**WORK TO COMPLETE:**
Transcribe the whole listing without a single picture.

**SUPPLIED DATA:**

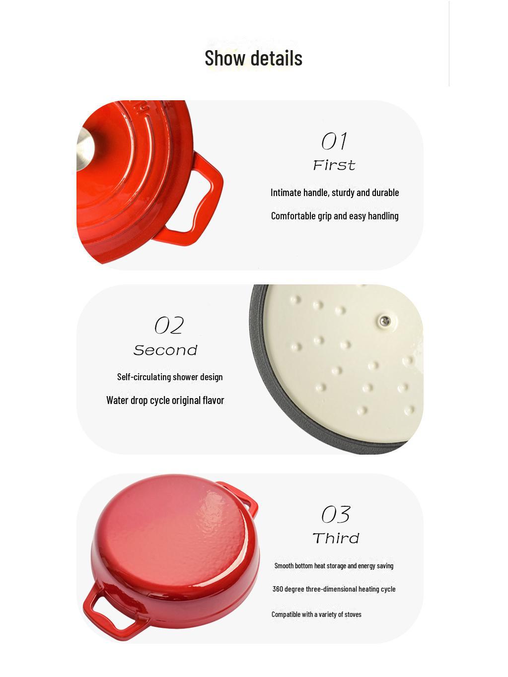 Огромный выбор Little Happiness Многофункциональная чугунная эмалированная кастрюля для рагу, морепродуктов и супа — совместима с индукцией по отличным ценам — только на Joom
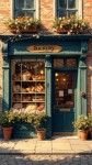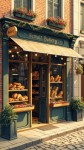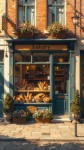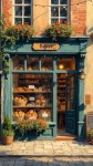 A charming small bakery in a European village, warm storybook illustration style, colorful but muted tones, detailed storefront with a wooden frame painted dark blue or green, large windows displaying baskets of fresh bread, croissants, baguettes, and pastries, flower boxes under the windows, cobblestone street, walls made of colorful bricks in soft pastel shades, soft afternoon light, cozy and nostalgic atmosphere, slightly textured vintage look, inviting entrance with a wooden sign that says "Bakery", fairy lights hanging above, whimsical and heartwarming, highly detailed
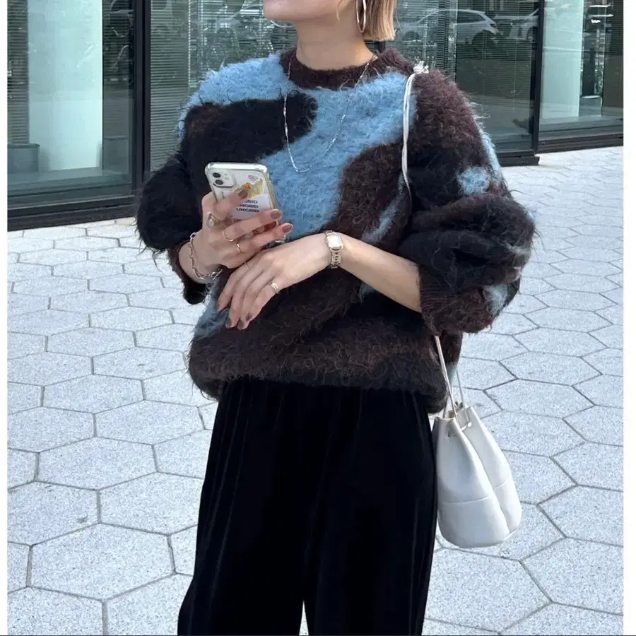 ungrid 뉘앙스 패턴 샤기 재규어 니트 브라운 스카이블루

**EXERCISE OUTPUT:**
 Огромный выбор Little Happiness Многофункциональная чугунная эмалированная кастрюля для рагу, морепродуктов и супа — совместима с индукцией по отличным ценам — только на Joom
 A charming small bakery in a European village, warm storybook illustration style, colorful but muted tones, detailed storefront with a wooden frame painted dark blue or green, large windows displaying baskets of fresh bread, croissants, baguettes, and pastries, flower boxes under the windows, cobblestone street, walls made of colorful bricks in soft pastel shades, soft afternoon light, cozy and nostalgic atmosphere, slightly textured vintage look, inviting entrance with a wooden sign that says "Bakery", fairy lights hanging above, whimsical and heartwarming, highly detailed
 ungrid 뉘앙스 패턴 샤기 재규어 니트 브라운 스카이블루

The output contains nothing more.